Every food has a different amount of Kcal which is how many calories the individual food is. We feed Country Vets Naturals butcher blend which is a 26/14. We chose this kibble because it has glucosamine chondroitin  already in the kibble which is good for a dachshund’s back health. Recommended daily amount: .3/4 to 1 cup of high-quality dry food a day, divided into at least two meals for puppies and 1 meal for adults. There have been studies that prove that replacing just 30% of your dog’s diet with raw food can increase their chances for a happy and healthy life. Click here to read the study.


Dachshunds are moderate shedders, clean, and have little or no body odor. The breed’s grooming needs vary with the three coat types. Smooth-coated Dachshunds are ‘wash and wear,’ needing little beyond a wipe with a towel or hound glove to look dapper. Long hair Dachshunds may require more frequent brushing, depending on the thickness of the coat. The Wirehaired coat can be plucked or hand-stripped several times a year to look its best, but beyond that, it is easy to maintain between grooming with occasional trimming of the beard and eyebrows and brushing or combing once or twice a week. All Dachshunds should have their nails trimmed every month. 


The most important aspect of owning a Dachshund is making sure that they get enough exercise to ensure that their backs have enough muscle to keep them from hurting their backs. They must also be kept at a reasonable weight for their frame since obesity is especially hard on their long back. 

Long Hair Dachshund

texas miniature dachshunds
Children friendly

A breed’s level of tolerance and patience with childrens’ behavior, and overall family-friendly nature. Dogs should always be supervised around young children, or children of any age who have little exposure to dogs

Hate to be alone

If you want an outdoor dog who can be left alone for long periods, the Dachshund is not the breed for you.

Excellent Snugglers

Dachshunds are excellent snugglers.  Be it under a blanket or right next to you on the couch they are always ready to share their body heat whether you want it or not.

Excellent housekeeper

Dachshunds will happily clean up any food mess that you leave on the floor. They will gladly do this job whether you ask them to or not.
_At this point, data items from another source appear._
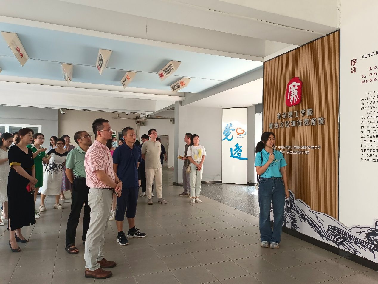 太阳城博彩廉洁文化知行教育馆与莞逸社区“一廊三室”深度融合,将廉洁文化与生活空间、学习空间、网络空间、环境文化有机结合,营造生活化、场景化的思想政治教育空间。在讲解员的带领下,教师们先后参观“守正”“溯源”“浸润”“共鸣”四个篇章,学习了党史、名人故事、典型榜样、传统文化、师生优秀作品等。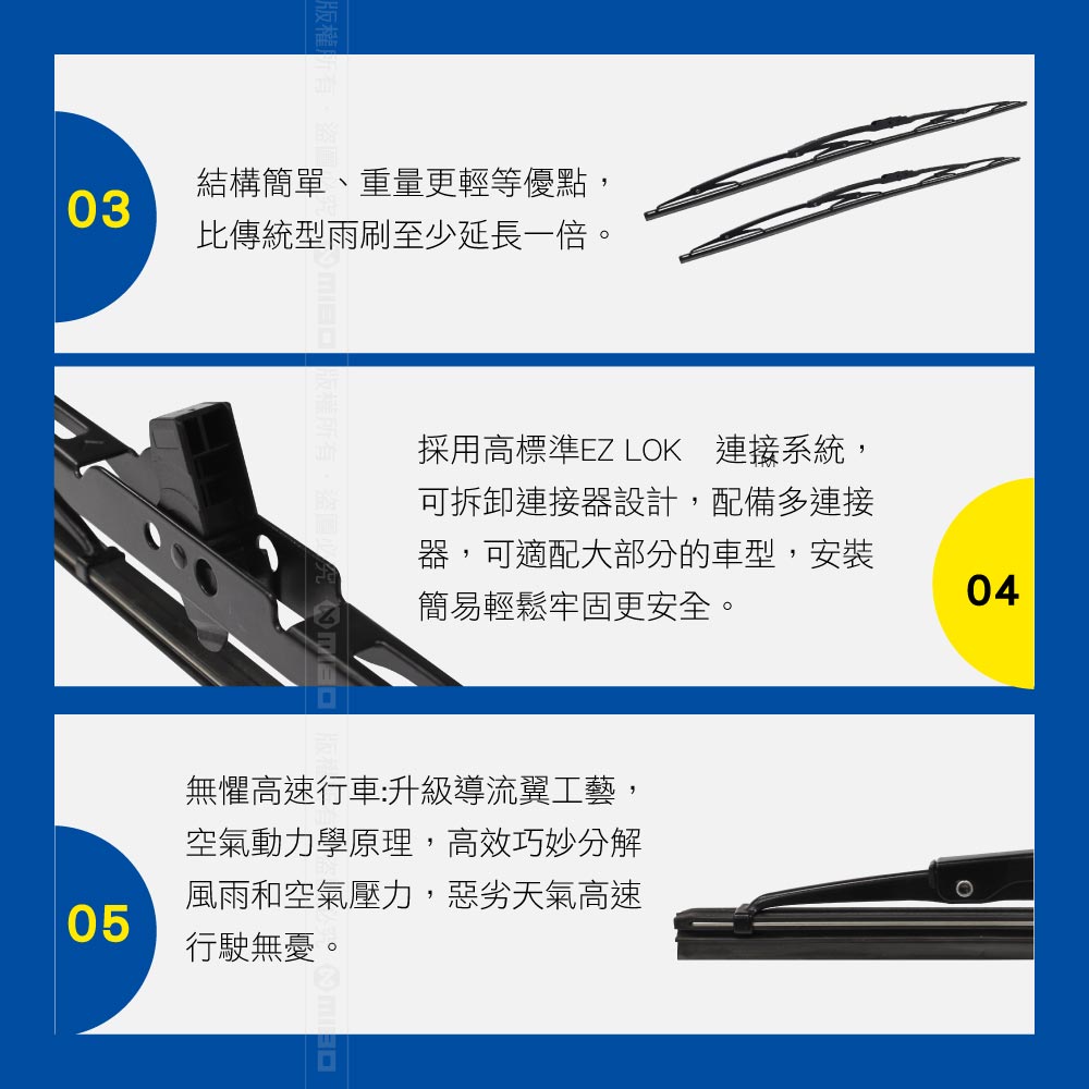 天然膠條披覆特殊材料多層塗裝 鋼板骨架不繡蝕 獨家導流風洞設計 防熱抗凍,耐久滑順好安靜
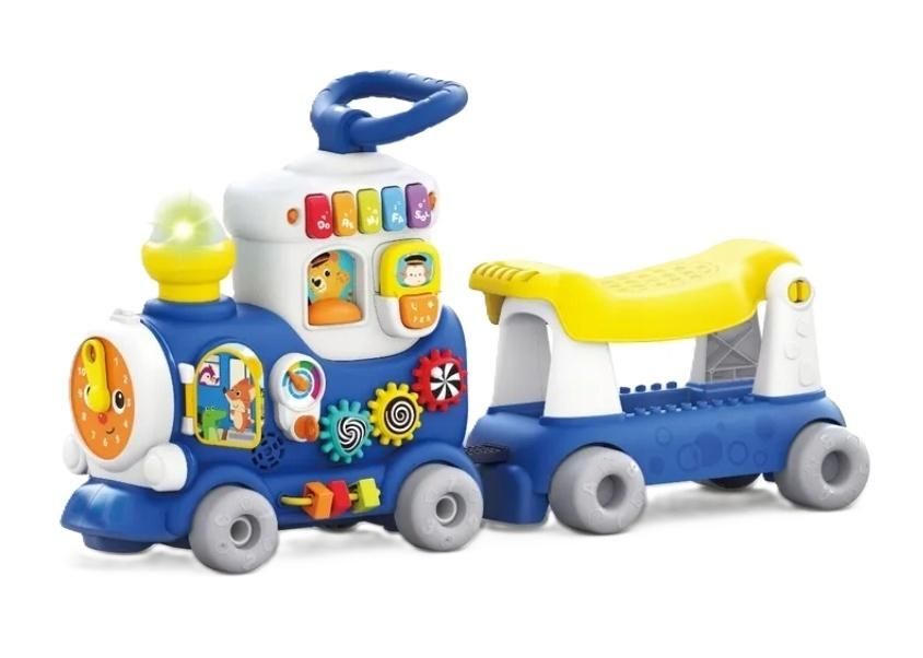 Kto ma ochotę na muzyczną podróż z udziałem aktywnych elementów, światełka i zręcznościowych niespodzianek? Niebieściutki jeździk - pociąg zaprasza na przejażdżkę, oferując aż 4 różne sposoby zabawy: po pierwsze, usiądź wygodnie na wagoniku i odpychaj się nóżkami (jeździk), po drugie, odczep wagonik i prowadź ciuchcię, idąc za nią (pchacz), po trzecie, ciągnij za sobą odczepiony wcześniej wagonik i wreszcie po czwarte, usiądź przy ciuchci i odkryj wszystkie niespodzianki, jakie w sobie kryje. Znajdziemy tu zegar, ruchome koraliki, książeczkę, kolorowe trybiki, a nawet pianinko! Pociąg wyposażony został w melodie i wesołe dźwięki, które umilą zabawę.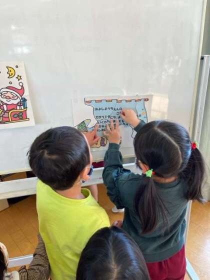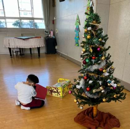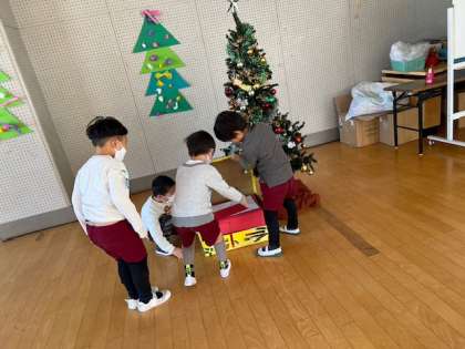 朝、あお組の子どもたちが、リズム室に行くと、ツリーの元に宝箱が。「こんなところにこんな宝箱なかったのに」中を開けると大変!手紙とポストが入っていました。「サンタさんからかもしれない!」慌てて、みんなに知らせに行きました。先生に読んでもらうと、やっぱりサンタさんからの手紙でした。どうやら幼稚園のいろいろなところにパズルが隠されているとのことで、みんなで探し回りました。「このパズルは、友達と仲良く探さないと消えてしまうらしい」と、みんな歩いて、見つかったパズルを組み合わせていました。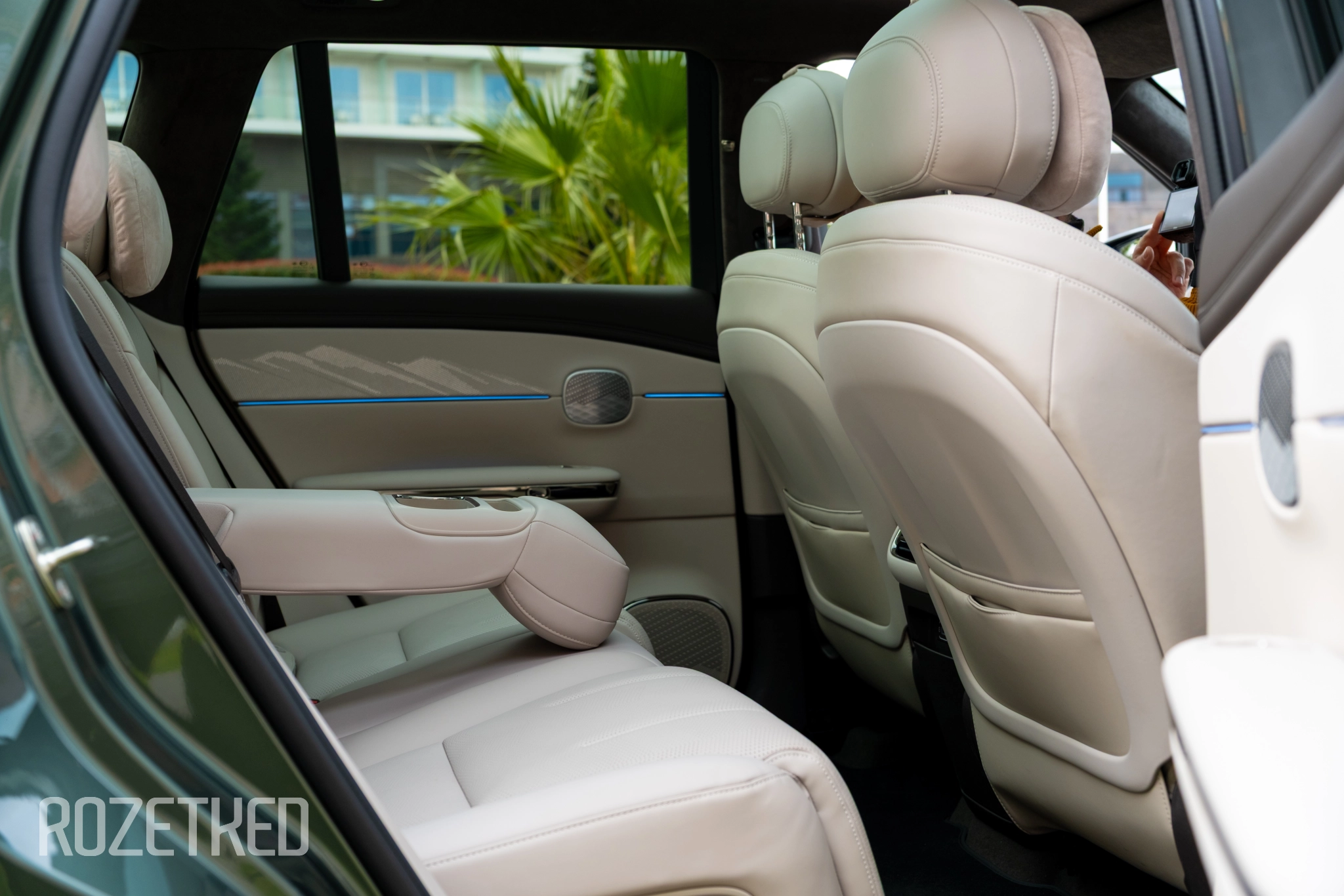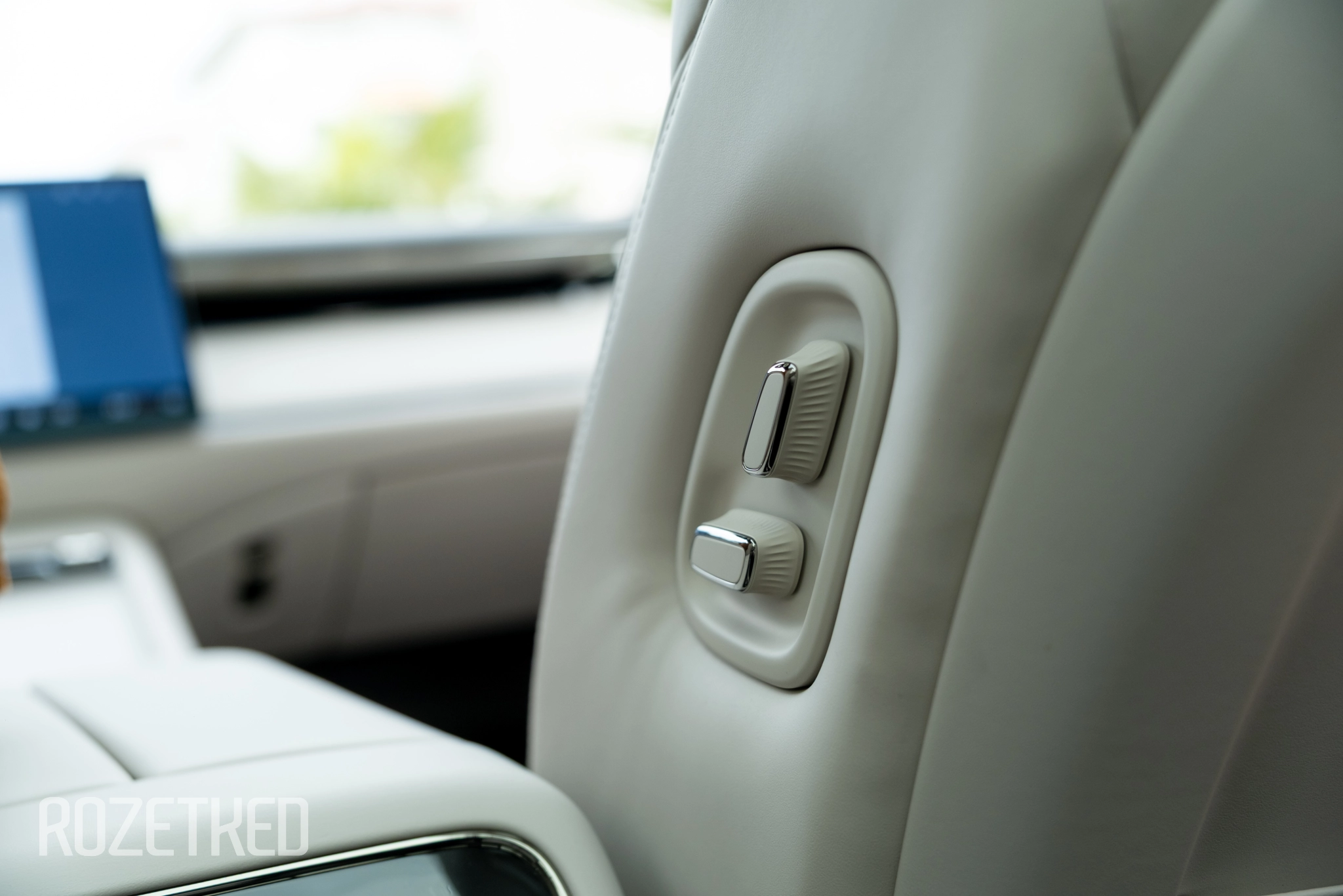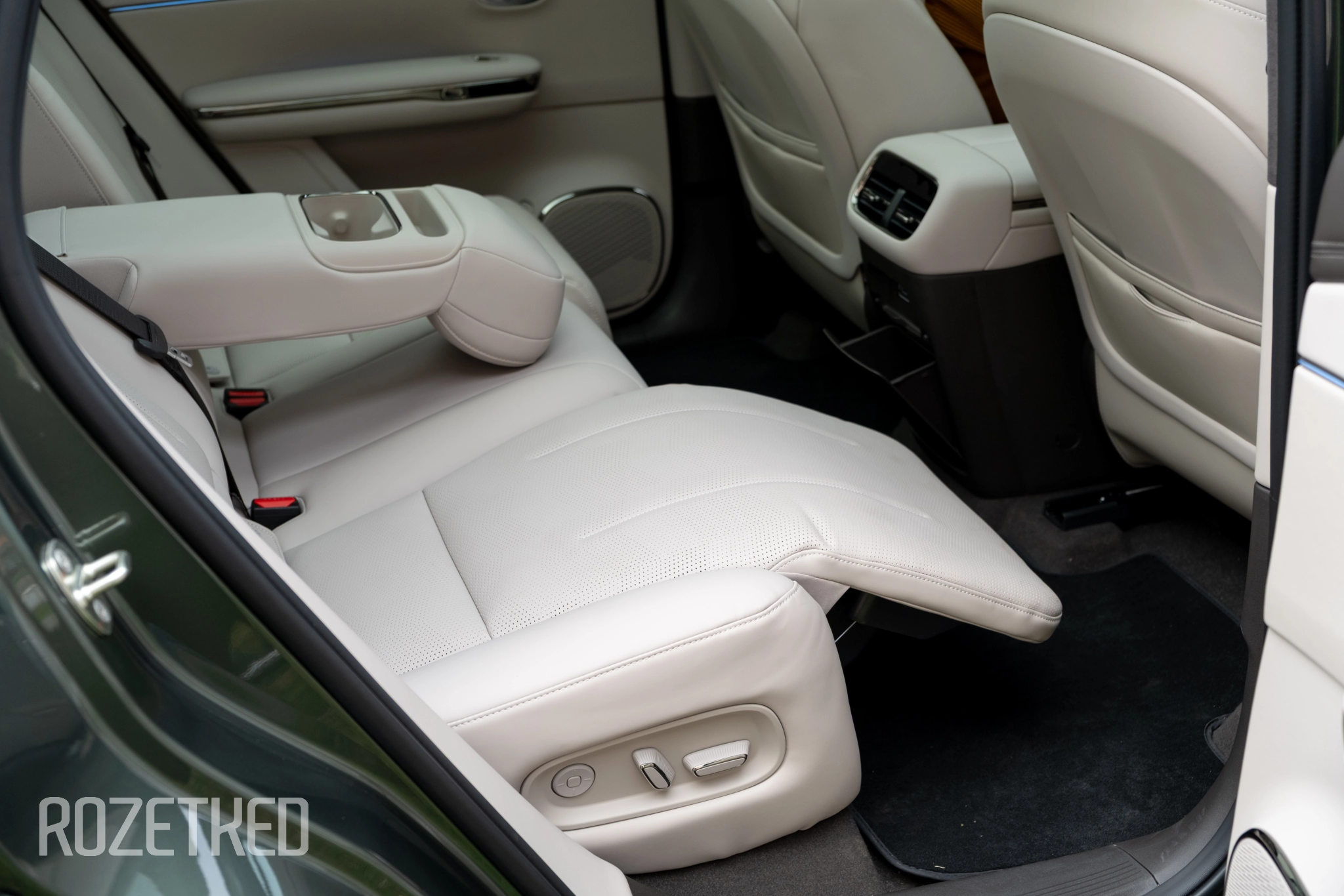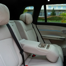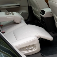 Также во всех четырёх посадочных местах одинаковый набор опций: подогрев, обдув, массаж и электрорегулировка. Да, даже задние кресла откидываются. И, более того, у заднего правого пассажира есть оттоманка, которую обычно дают пассажиру спереди. Не уверен, что это лучшее решение, потому что переднее кресло придётся двигать вперёд — для этого сбоку сделали дублирующие кнопки регулировки. С одной стороны, удобно, с другой — их нельзя отключить, поэтому если у вас сзади ездят дети или просто «юмористы», то они могут баловаться, двигая переднего пассажира.

Just be careful that anything that hits the floor is an acceptable food for your doggie family member.

History of the Dachshund

“Dachshund” is a German word meaning “badger dog,” and the breed’s German history goes back some 600 years. And, as the breed name suggests, thet were developed to enthusiastically dig his way into a badger den and dispatch its occupant. Their long, low body was custom-made for this dirty subterranean work.


For a dog of any size, a badger is a formidable adversary, weighing anywhere from 25 to 40 pounds, with razor-sharp teeth and claws. 

The cleverness, courage, perseverance, and strength that are hallmarks of today’s Dachshund were first bred into his long-ago ancestors to best equip them for battling a deadly foe. The little dog’s surprisingly loud, hound bark is also a throwback to his working roots: It allowed their above-ground human hunting partner to mark his hound’s underground location. 


In addition to the breed’s short, smooth coat, selective breeding produced types with wire coats for work in thorny brier patches, and long coats for cold climates. Dachshunds of various sizes were bred to work on different kinds of quarry. Packs of Dachshunds, according to breed authorities, were often used on wild boar. By the late 1800s, the process of standardizing the breed according to size, coat, and color varieties was well underway.

National symbol of Germany

The Dachshund has long been a national symbol of Germany, so closely associated with Kaiser Wilhelm II who had a well-known love for Dachshunds that during World War I American fanciers took to calling them Liberty Hounds due to anti-German sentiment. Admitted to the AKC Stud Book in 1885, their popularity in America was immediate and enduring.